Il Presidente francese Macron dice che il mondo musulmano è in crisi e forse è vero,  però non dice che noi occidentali non aiutiamo l’Islam ad uscire dalla crisi nel momento in cui alimentiamo xenofobia e i populismi islamofobi alla Salvini e alla Meloni.

Eppure il radicalismo islamico storicamente, almeno nell’epoca moderna, nasce in Afganistan dopo l’invasione da parte degli Usa e dei suoi servizi segreti che hanno finanziato migliaia di giovani addestrandoli al terrorismo. Contemporaneamente l’Iran ha fatto a sua volta scelte radicali. L’occupazione dell’Iraq motivata da inesistenti pretesti  da parte americana ha continuato ad alimentare movimenti islamici radicali. Venendo ai giorni nostri la situazione è andata peggiorando grazie al regime di Assad che aiutato da Putin ha distrutto la società siriana. Il terrorismo islamico ha quindi molti padri, che eliminando la politica e l’autodeterminazione hanno creato una situazione in cui il radicalismo islamico si sostituisce a cittadini in possesso di diritti politici, organizzazione, cultura e coscienza democratica. Un giorno, alcuni anni fa, viaggiando in treno da   Marrakech a Casablanca assistetti ad una discussione fra due giovani che parlavano del cinema italiano con una competenza e conoscenza della materia che mi lasciarono sbalordito.

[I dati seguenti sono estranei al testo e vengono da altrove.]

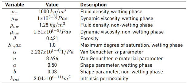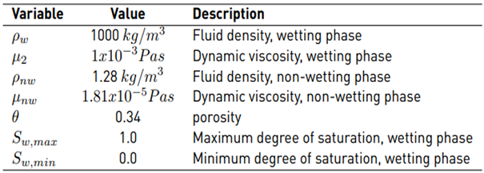 Where θ is the total porosity; Si is the degree of saturation; t is time; kint is the intrinsic permeability of the material (m2 ); kr,i is the relative permeability associated to the fluid i; μi is the fluid’s dynamic viscosity (Pa s); pi is the fluid pressure (Pa); ρi is the fluid density (kg/m3 ); g is the acceleration of gravity; and D is the coordinate of vertical elevation (m). In these definitions, subscript i= w for the wetting phase and i= nw for the non-wetting phase. The saturation of the phases can be expressed by the following constitutive expression:

Dall’11 settembre 2001, ma già prima, una parte del mondo occidentale, grazie ai mass media, ha individuato nel terrorismo islamico il male assoluto salvo poi allearsi con i peggiori regimi dittatoriali del medio oriente.

L’odio del terrorismo islamico trova terreno fertile perché nel modo occidentale nessuno ha condannato le stragi in Afganistan, in Iraq, in Siria. Quante vittime innocenti musulmane sono morte per mano  del civilissimo e democratico occidente.  Il civilissimo Stato d’Israele utilizza l’alibi del terrorismo per  attuare un vero e proprio genocidio nei confronti del popolo Palestinese, ma noi guardiamo dall’altra parte perché chi si allea con noi può commettere qualsiasi nefandezza.

C’è quindi da una parte il nichilismo islamico che aumenta la spirale del terrore e dall’altra il razzismo antimusulmano: due facce di una stessa medaglia.  

Questo razzismo antimusulmano, che dimentica il colonialismo le stragi nel mondo arabo, l’iprite, il generale Graziani, solo per parlare dell’Italia, ma la Francia, l’Inghilterra, la Germania, gli Usa non sono da meno,  anzi!, non è la chiave per affrontare e risolvere il problema, perché come dicevo all’inizio il mondo arabo non è rappresentato dal nichilismo islamico, che invece trova terreno fertile quando si compie una discriminazione generalizzata nei confronti del mondo e della cultura araba. Questo sentimento di discriminazione è il brodo di coltura del radicalismo terroristico.

Se non si affronta il problema con una riflessione seria ed accurata sulla crisi dell’islam come specchio di una crisi globale, che può solo peggiorare se non precipitare e non affrontata nella maniera giusta e nel più breve tempo possibile, rischiamo di assistere ad altri efferati assassini, divenendone consapevolmente complici.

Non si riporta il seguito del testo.